Theologians conclude evaluation of synod reports after Rome meeting

 

Delegates vote to approve a synthesis report at the conclusion of the Synod on Synodality on Oct. 28, 2023. / Credit: Vatican Media

Washington, D.C. Newsroom, Jun 14, 2024 / 17:05 pm (CNA).

A group of 20 theologians concluded an evaluation of 107 synod reports from national bishops’ conferences and Eastern Catholic Churches following nearly two weeks of meetings in Rome, according to a news release from the general secretariat of the synod.

The theologians, who met from June 4 through June 14, were asked to provide an analysis of the reports, which will help synod officials draft the Synod on Synodality’s “Instrumentum Laboris 2” — the document that will guide the work of the second session of the synod in October. The analysis from the theologians has not been made public.

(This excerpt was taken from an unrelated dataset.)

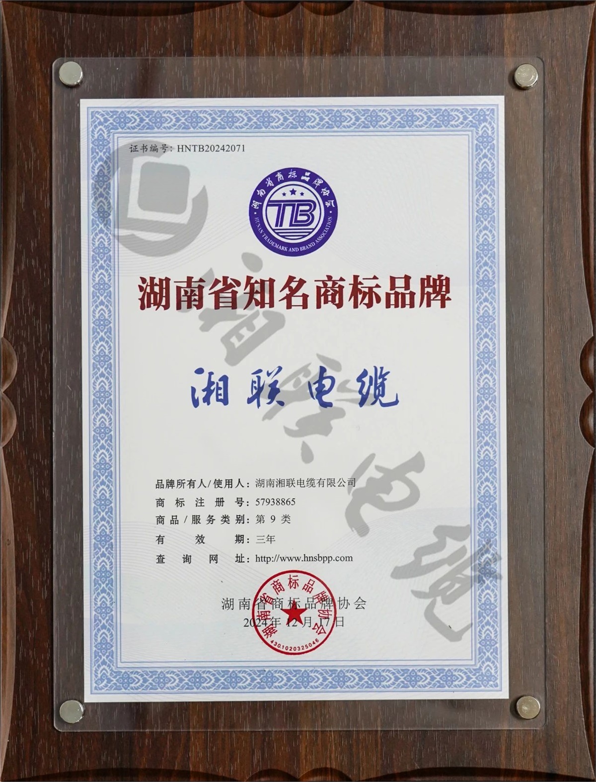本屆年會(huì)以“誰為湖南贏得尊敬”為主題,旨在樹立行業(yè)標(biāo)桿,傳遞榜樣力量。會(huì)上,湘聯(lián)電纜獲評(píng)2024年第二批湖南省知名商標(biāo)品牌,一同入選的還有唐人神、旺旺食品等知名品牌。

The ongoing Synod on Synodality is focused on studying various questions about how the Church should operate. Some of the questions focus on the role of women, inclusion, women deacons, and outreach to those who struggle with same-sex attraction. Parishes held listening sessions this past Lent that were consolidated into the national reports analyzed by the theologians.

According to the news release, the themes most frequently mentioned are the formation of synodality, the functioning of participatory bodies, the role of women, outreach to young people, attention to the poor, inculturation, transparency, and a culture of accountability. Additional themes are catechesis, Christian initiation, and collaboration among churches.

“The reports often recount the experience of people who have made a real personal conversion,” Secretary General of the General Secretariat of the Synod Cardinal Mario Grech said in a statement following the conclusion of the theologians’ analysis.

“Others, however, are of people who continue to experience confusion, worry, or anxiety,” the cardinal continued. “In particular, there is a fear that what is sent is not taken seriously or that ideologies and lobbies of the faithful may exploit the synodal path to impose their own agenda.”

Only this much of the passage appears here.